The Monetary Systems of the Greeks and Romans, William Harris editor, 2008
The thirteen contributing authors to this 2005 conference were really on a mission to find non coinage forms of money, what we would today call Money Supply in its broader sense. Relevant chapters for the subject in question (why did some states introduce coinage, and others not) include:
  • John Kroll, The Monetary Use of Weighed Bullion in Archaic Greece. Written records of money use in Greece regularly pre-date coinage, thus showing that weighed bullion acted as money before the invention of coinage.
  • David Schaps. What was Money in Ancient Greece? Contra the remainder of the book, makes the case that money was essentially coin "I do not see a cowrie shell, nor a token of an embedded transaction, nor a transient marker in a vast system of credits and debits... after more than twenty years of looking at Greek money I still see a coin.
  • Richard Seaford. Money and Tragedy. The Tyrants of Greece used the power given by early money to influence dramatic festivals that had traditionally been local, voluntary, communally funded by participant donations-in-kind, and uncoded. Money made Greek tragedy coded and transferable - the services of an actor or music player could be bought and relayed at a different festival in a different location.
  • Edward Cohen. Elasticity of the Money Supply at Athens. Cites evidence of banking and bank credit at Athens. Athenian control over their large silver mines also gave them a reserve currency role, able to issue new money or withhold at will.
  • J.G. Manning. Coinage as Code in Ptolemaic Egypt. The institutionalisation of coinage by the Ptolemies was an important lever of control in what was essentially a command economy.

Sitta von Reden, Money in Classical Antiquity, 2010
Addresses, among other topics, the monetisation of Egypt. "Pharaonic Egypt is a particularly good example of a society that had money without using coinage. Baskets of grain, vessels of oil, weighed bronze and foreign silver in total fulfilled most monetary functions ... some were used as measures of value, others as stores of wealth, and all of the, were in particular contexts accepted as means of payment. But none of these was used as all-purpose money throughout Egypt".

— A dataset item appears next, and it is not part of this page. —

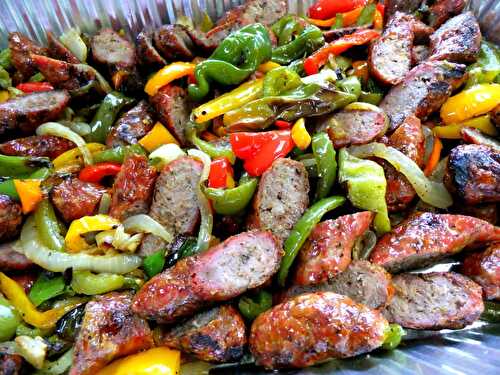 Baked Italian Sausage, Sweet Potatoes, Peppers, and Onions is a full meal on one pan! Your family won't be able to get enough forkfuls of these juicy sausages, tender sweet potatoes and roasted vegetables!

I cannot summarise three lengthy and relevant books in a short online posting, but two relevant facts need to be understood:
1. Money existed in Pharaonic Egypt. It just was not in the form of silver coinage.
2. The reasons that money was not in the form of silver coinage was because the particular social conditions of Pharaonic Egypt meant that coinage was just not needed. Peer-level transactions were at a village-community level and could easily be fulfilled by grain, oil etc. Hierarchical transactions, in a command economy, involved tax payments and distributions to/from government/religious authorities, and were best carried out in commodities. Coinage was simply not needed.

To move beyond speculation and guess-work, those interested in the subject should

1. Read up on the social and economic history of Pharaonic Egypt - only by understanding its history does its money usage make sense.

2. Read up on the subject of money in the ancient world. Other relevant references can be found at http://andrewmccabe.ancients.info/Mints.html#money

Andrew

Offline Joe Geranio

  • Procurator Caesaris
  • Caesar
  • ****
  • Posts: 966
  • Joe and Caligula at the Getty
    • Julio Claudian Coins and Art
Thanks Andrew for the book references.